Records —

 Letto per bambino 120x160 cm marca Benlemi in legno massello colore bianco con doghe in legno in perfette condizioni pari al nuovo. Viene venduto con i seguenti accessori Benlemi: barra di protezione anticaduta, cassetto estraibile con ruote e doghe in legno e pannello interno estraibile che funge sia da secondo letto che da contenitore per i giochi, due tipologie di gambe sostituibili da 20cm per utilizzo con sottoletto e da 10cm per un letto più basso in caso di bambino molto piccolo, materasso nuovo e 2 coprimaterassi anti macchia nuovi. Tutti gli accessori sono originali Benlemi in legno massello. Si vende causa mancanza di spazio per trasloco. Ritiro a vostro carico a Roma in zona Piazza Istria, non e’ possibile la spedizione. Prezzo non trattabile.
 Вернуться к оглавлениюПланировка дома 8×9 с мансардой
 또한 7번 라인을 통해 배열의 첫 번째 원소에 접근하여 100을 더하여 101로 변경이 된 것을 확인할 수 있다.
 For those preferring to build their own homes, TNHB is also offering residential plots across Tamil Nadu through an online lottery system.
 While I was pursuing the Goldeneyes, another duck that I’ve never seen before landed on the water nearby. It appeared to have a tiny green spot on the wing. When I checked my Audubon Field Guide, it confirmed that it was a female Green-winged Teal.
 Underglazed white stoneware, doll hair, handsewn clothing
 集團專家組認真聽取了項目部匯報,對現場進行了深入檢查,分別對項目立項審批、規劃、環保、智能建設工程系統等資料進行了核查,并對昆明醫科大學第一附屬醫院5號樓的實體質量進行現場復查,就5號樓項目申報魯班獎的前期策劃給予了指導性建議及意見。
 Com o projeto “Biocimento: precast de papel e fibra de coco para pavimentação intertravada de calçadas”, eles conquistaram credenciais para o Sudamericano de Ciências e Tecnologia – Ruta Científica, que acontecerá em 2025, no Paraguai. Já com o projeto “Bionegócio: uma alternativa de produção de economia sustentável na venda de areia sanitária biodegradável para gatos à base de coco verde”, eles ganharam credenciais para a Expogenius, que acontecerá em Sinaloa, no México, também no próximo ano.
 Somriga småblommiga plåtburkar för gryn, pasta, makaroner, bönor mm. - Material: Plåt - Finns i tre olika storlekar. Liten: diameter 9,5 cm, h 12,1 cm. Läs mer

Try it — What is needed here is an exact reproduction of all the entries.

Answer below —
 Letto per bambino 120x160 cm marca Benlemi in legno massello colore bianco con doghe in legno in perfette condizioni pari al nuovo. Viene venduto con i seguenti accessori Benlemi: barra di protezione anticaduta, cassetto estraibile con ruote e doghe in legno e pannello interno estraibile che funge sia da secondo letto che da contenitore per i giochi, due tipologie di gambe sostituibili da 20cm per utilizzo con sottoletto e da 10cm per un letto più basso in caso di bambino molto piccolo, materasso nuovo e 2 coprimaterassi anti macchia nuovi. Tutti gli accessori sono originali Benlemi in legno massello. Si vende causa mancanza di spazio per trasloco. Ritiro a vostro carico a Roma in zona Piazza Istria, non e’ possibile la spedizione. Prezzo non trattabile.
 Вернуться к оглавлениюПланировка дома 8×9 с мансардой
 또한 7번 라인을 통해 배열의 첫 번째 원소에 접근하여 100을 더하여 101로 변경이 된 것을 확인할 수 있다.
 For those preferring to build their own homes, TNHB is also offering residential plots across Tamil Nadu through an online lottery system.
 While I was pursuing the Goldeneyes, another duck that I’ve never seen before landed on the water nearby. It appeared to have a tiny green spot on the wing. When I checked my Audubon Field Guide, it confirmed that it was a female Green-winged Teal.
 Underglazed white stoneware, doll hair, handsewn clothing
 集團專家組認真聽取了項目部匯報,對現場進行了深入檢查,分別對項目立項審批、規劃、環保、智能建設工程系統等資料進行了核查,并對昆明醫科大學第一附屬醫院5號樓的實體質量進行現場復查,就5號樓項目申報魯班獎的前期策劃給予了指導性建議及意見。
 Com o projeto “Biocimento: precast de papel e fibra de coco para pavimentação intertravada de calçadas”, eles conquistaram credenciais para o Sudamericano de Ciências e Tecnologia – Ruta Científica, que acontecerá em 2025, no Paraguai. Já com o projeto “Bionegócio: uma alternativa de produção de economia sustentável na venda de areia sanitária biodegradável para gatos à base de coco verde”, eles ganharam credenciais para a Expogenius, que acontecerá em Sinaloa, no México, também no próximo ano.
 Somriga småblommiga plåtburkar för gryn, pasta, makaroner, bönor mm. - Material: Plåt - Finns i tre olika storlekar. Liten: diameter 9,5 cm, h 12,1 cm. Läs mer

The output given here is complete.